## EXERCISE DESCRIPTION
The listing must be copied out in full and exactly; no images go with it.

## DATASET EXTRACT

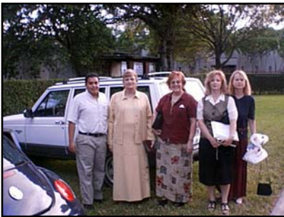
■ Ministry to local Haitian Church

The Board decided to terminate the radio ministry in order to launch our web site, www.marycraig.org. This decision increased our media outreach worldwide and has resulted in much fruit for the Lord, as many of you can attest. People contact us, email, visit Craighouse, and even
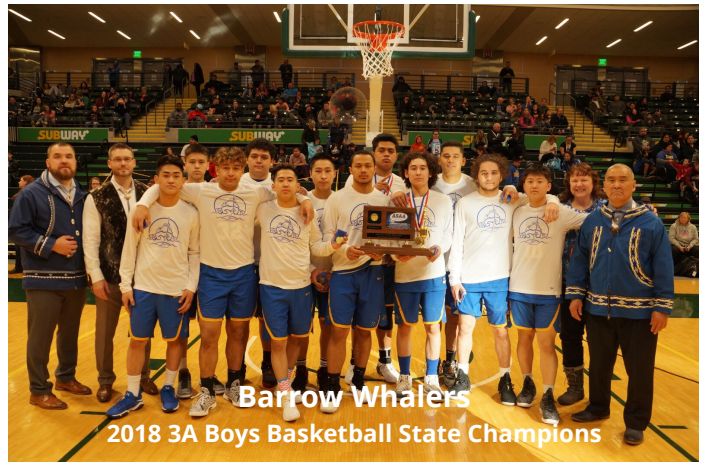
Barrow Whalers 2018 3A Boys Basketball State Champions

## SOLUTION TO THE EXERCISE
■ Ministry to local Haitian Church

The Board decided to terminate the radio ministry in order to launch our web site, www.marycraig.org. This decision increased our media outreach worldwide and has resulted in much fruit for the Lord, as many of you can attest. People contact us, email, visit Craighouse, and even
Barrow Whalers 2018 3A Boys Basketball State Champions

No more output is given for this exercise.